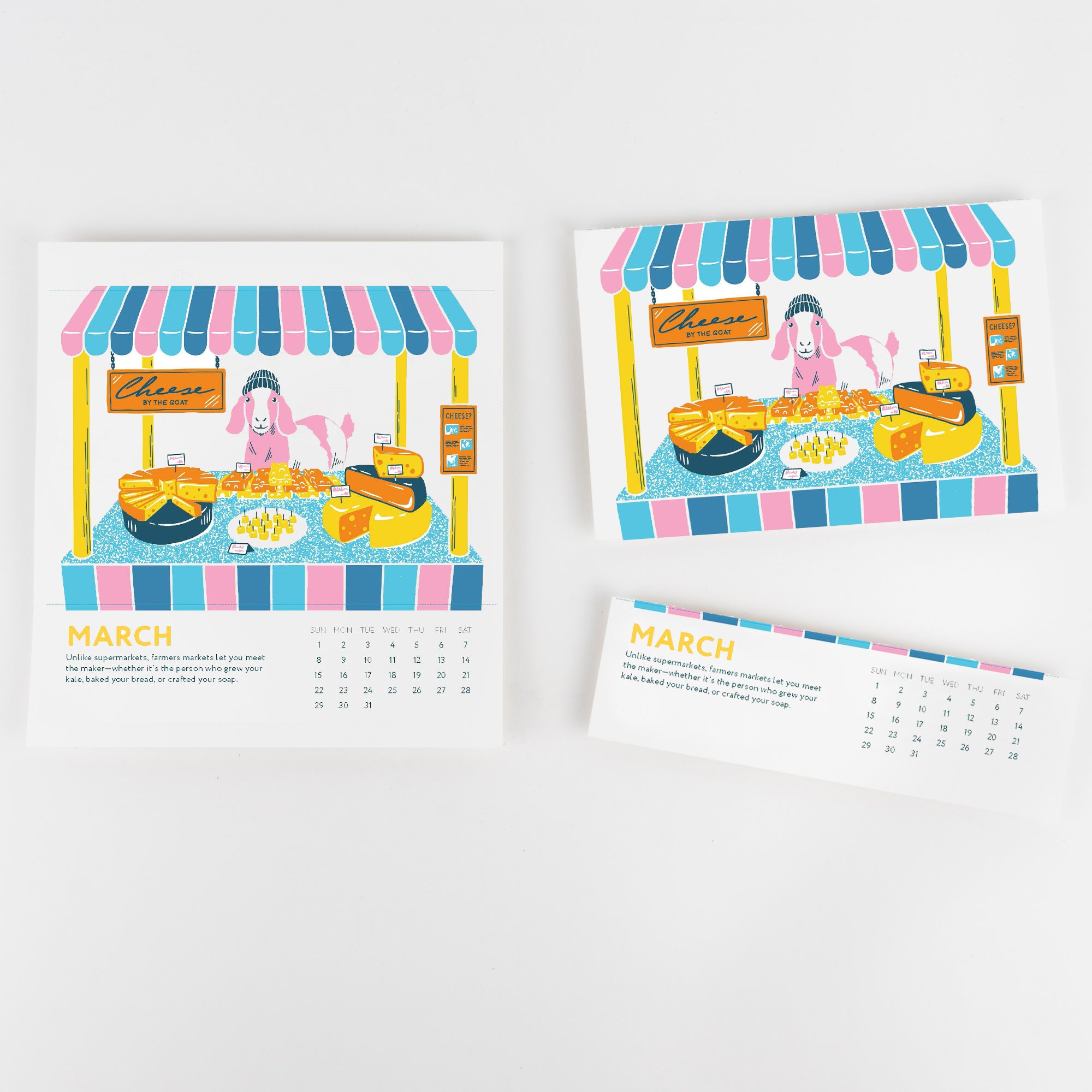 Our 2026 Letterpress Desk Calendar celebrates the energetic spirit of local farmers markets everywhere!
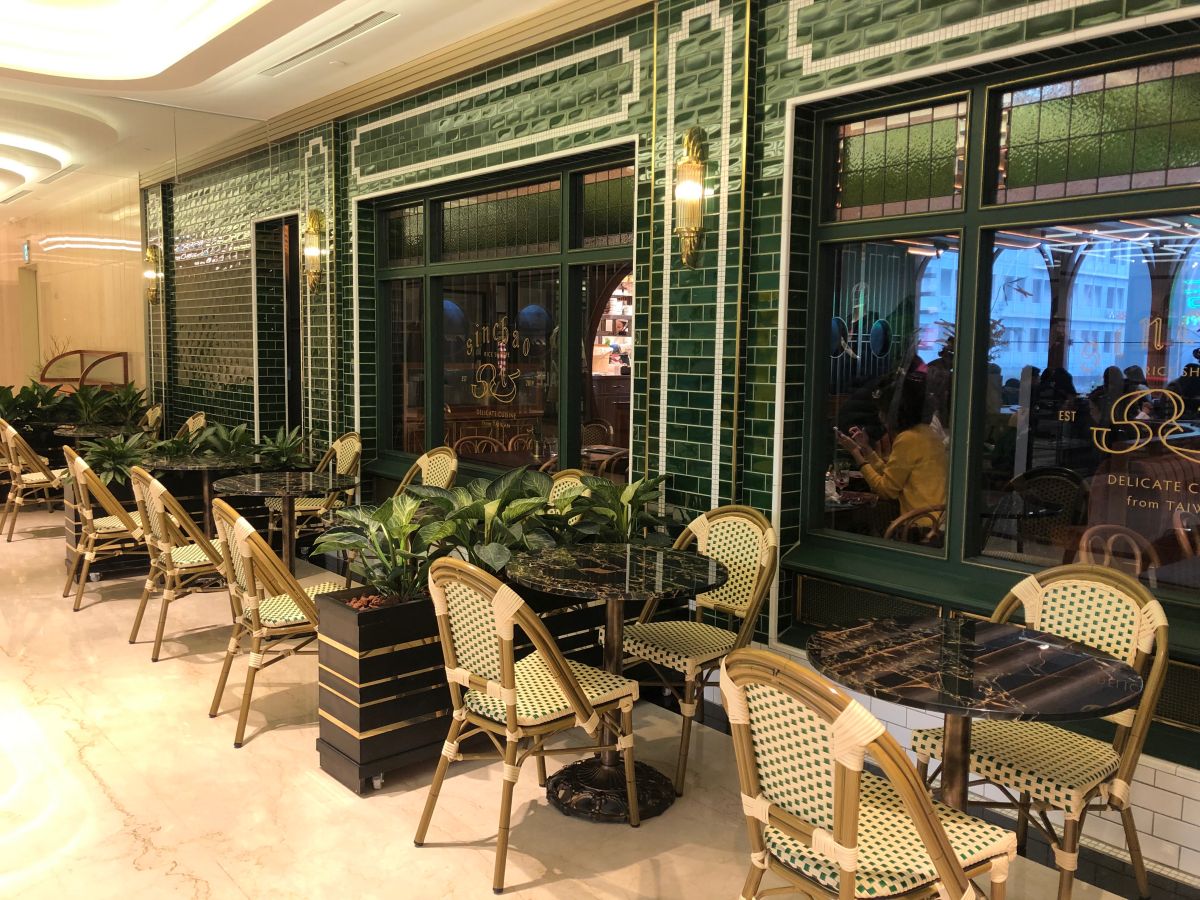 裝潢以老是復古飯店為發想,仔細一看霸台後面的格子真的有房間號碼跟鑰匙的喔!走廊上的座位也一點都不馬虎,大理石的桌面配上藤椅,復古又不失優雅。餐廳從中午就開始營業,除了有許多中式餐點外,還有紅白酒與甜點能選擇~而且妞編輯推薦大家在吃飯前,可以先來戶外網美牆拍個照,復古磁磚加上壁燈好適合穿個旗袍來(笑)。
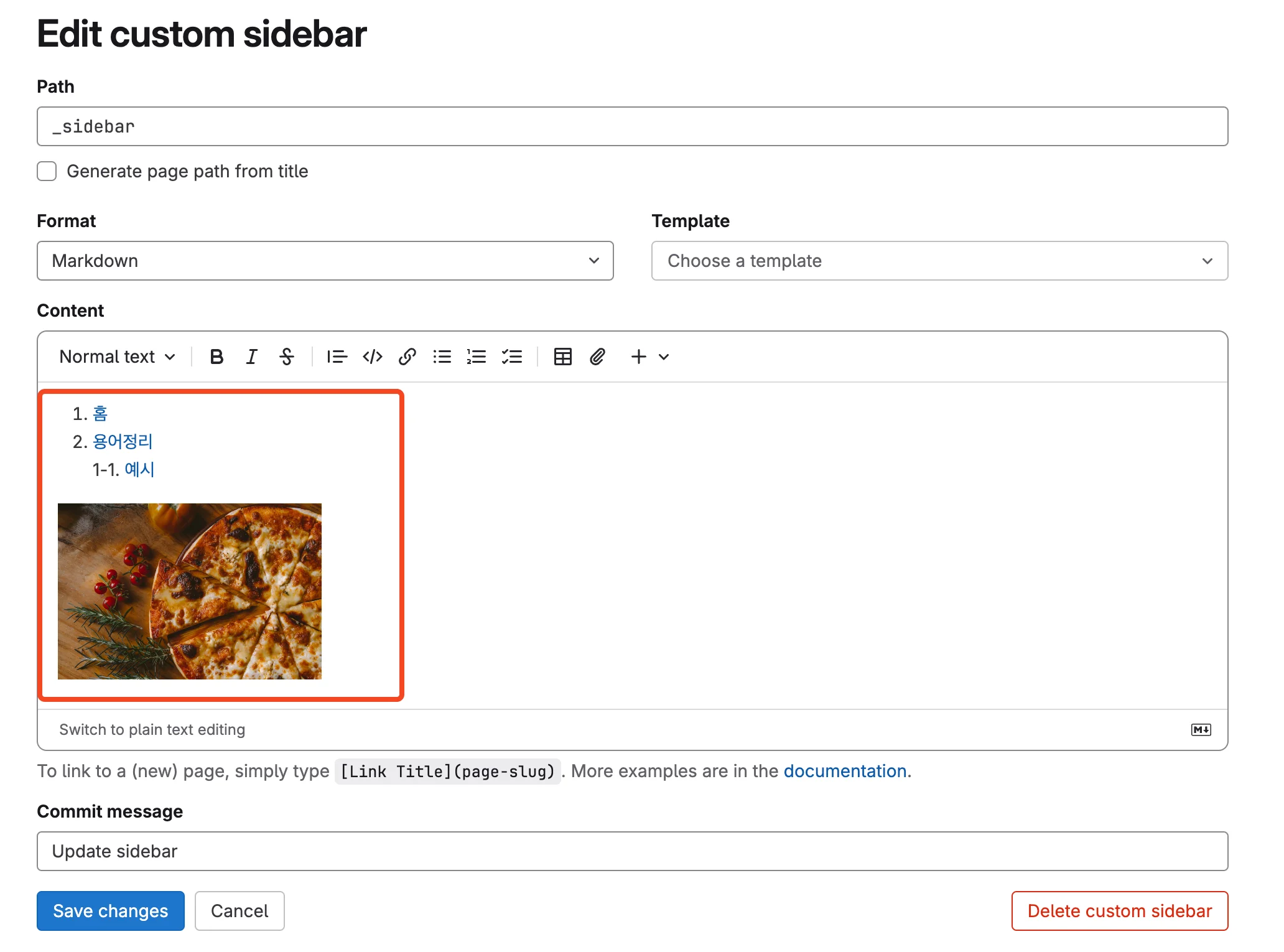 Edit custom sidebar의 Content 칸에 링크 텍스트로 페이지 버튼을 직접 만듭니다. 이미지를 넣어 자유롭게 꾸며도 됩니다.
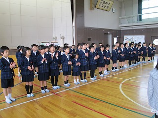 鶴ヶ丘小学校の校歌も演奏していただき、全員大きな声で歌いました。
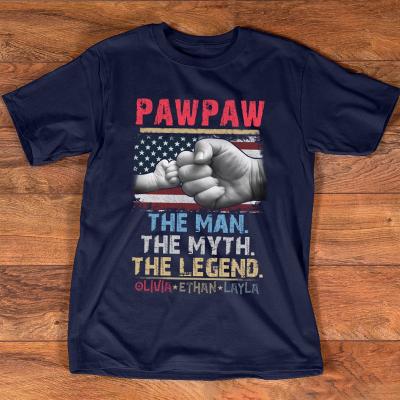 Pawpaw The Man The Myth The Legend FlagGreat as Birthday gifts or Holiday presents. This adorable item can be designed upon anyone's wish with any title.Please enter:1. Nickname: Papa, Grandpa, Pawpaw, Pop-Pop, Papaw ...etc.2. Kids' Names wanted on the shi
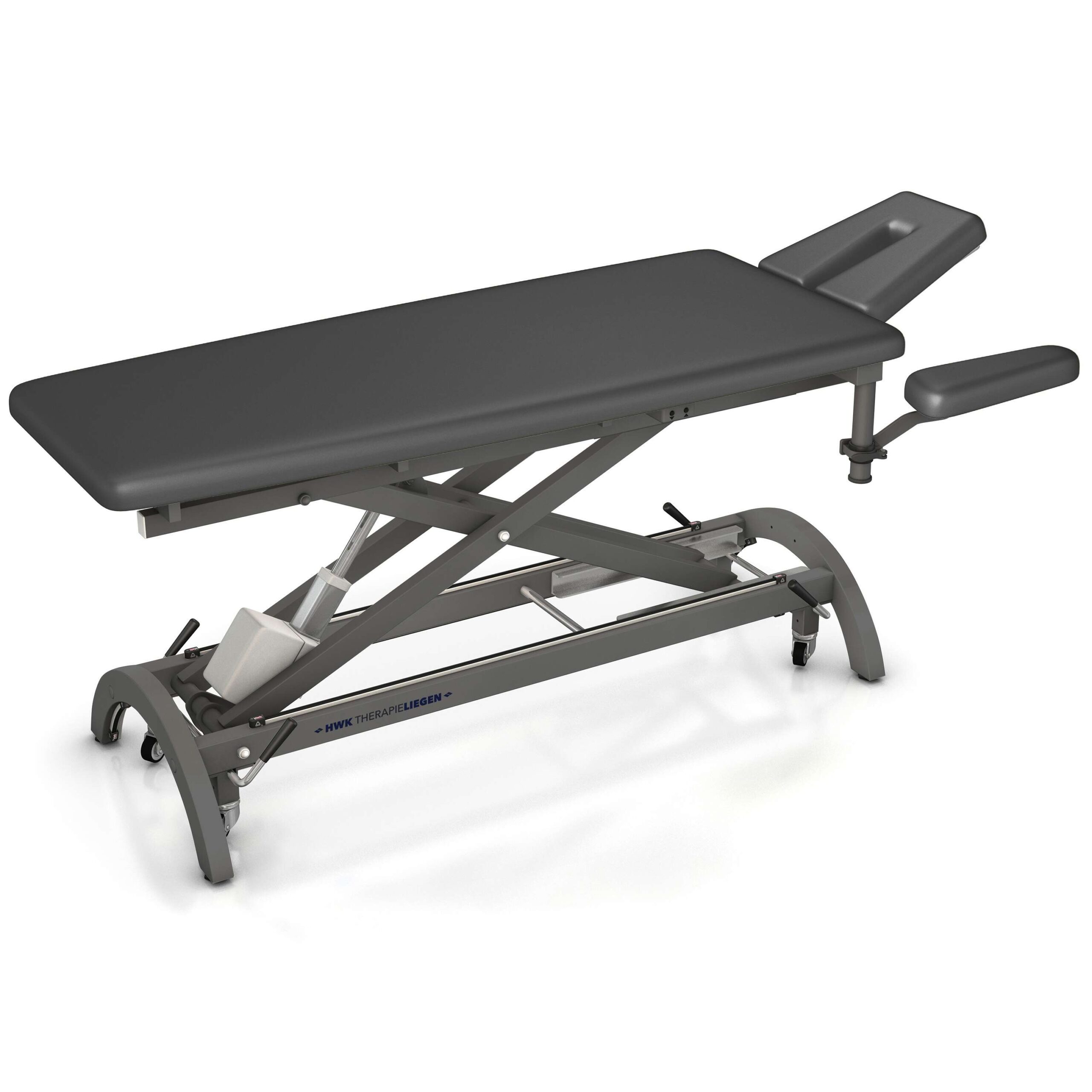 Der Rahmen der HWK Therapieliege „Impuls E4“ ist aus robustem Stahl gefertigt und mit einer langlebigen Pulverbeschichtung in einem modernen Graualuminium-Ton versehen.
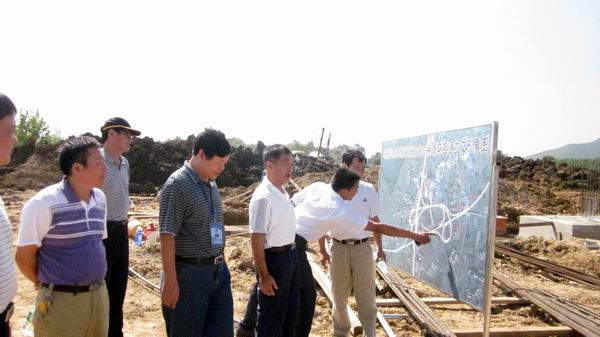 晴空萬里,微風徐徐,正值工程大干好時機,工地一片繁忙的景象。土方車輛陸陸續(xù)續(xù),施工機械競相舞動。李董一行驅車沿施工便道一路觀望,從東環(huán)路,經(jīng)A匝道與南環(huán)線,隨后在南環(huán)主線與A匝道交匯點——AK0+129現(xiàn)澆橋施工處駐足觀看。項目經(jīng)理冷峰結合施工形象圖,詳細介紹了目前我部工程進展情況、剩余工程的計劃安排以及工程質量、安全等方面的控制與保障措施。李董悉心聽取,了解情況,對工程目前的進展表示滿意;同時指出,南環(huán)互通立交改建工程處在整個東環(huán)改造的樞紐位置,控制著整體工期,要求我部精心組織,合理安排,借大干一百天時機,保質保量完成施工任務。最后李董一行先后視察了匝道施工現(xiàn)場、梁板架設施工現(xiàn)場等。
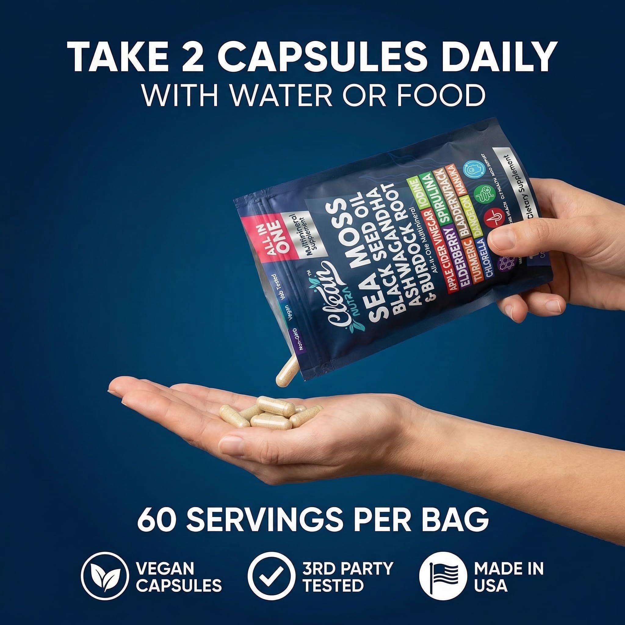 Clean Nutra Irish Sea Moss Capsules For Women and Men - Our Seamoss Pills and Black Seed Oil for hair includes 15 ingredients such as Turmeric Curcumin Capsules, Bladderwrack capsules, Burdock roots, Chlorophyll and more! Sea Moss capsules with black seed have been combined and the results are amazing. Clean Nutraceuticals has officially created the world’s most inclusive 15 in 1 raw sea moss, black seed capsules, ashwagandha extract, bladderwrack root, Burdock roots, turmeric curcumin capsules.

————————

Reproduce only the lines from the first line of the listing above up to and including the line that holds "Pawpaw The Man". Omit the pictures.

 Our 2026 Letterpress Desk Calendar celebrates the energetic spirit of local farmers markets everywhere!
 裝潢以老是復古飯店為發想,仔細一看霸台後面的格子真的有房間號碼跟鑰匙的喔!走廊上的座位也一點都不馬虎,大理石的桌面配上藤椅,復古又不失優雅。餐廳從中午就開始營業,除了有許多中式餐點外,還有紅白酒與甜點能選擇~而且妞編輯推薦大家在吃飯前,可以先來戶外網美牆拍個照,復古磁磚加上壁燈好適合穿個旗袍來(笑)。
 Edit custom sidebar의 Content 칸에 링크 텍스트로 페이지 버튼을 직접 만듭니다. 이미지를 넣어 자유롭게 꾸며도 됩니다.
 鶴ヶ丘小学校の校歌も演奏していただき、全員大きな声で歌いました。
 Pawpaw The Man The Myth The Legend FlagGreat as Birthday gifts or Holiday presents. This adorable item can be designed upon anyone's wish with any title.Please enter:1. Nickname: Papa, Grandpa, Pawpaw, Pop-Pop, Papaw ...etc.2. Kids' Names wanted on the shi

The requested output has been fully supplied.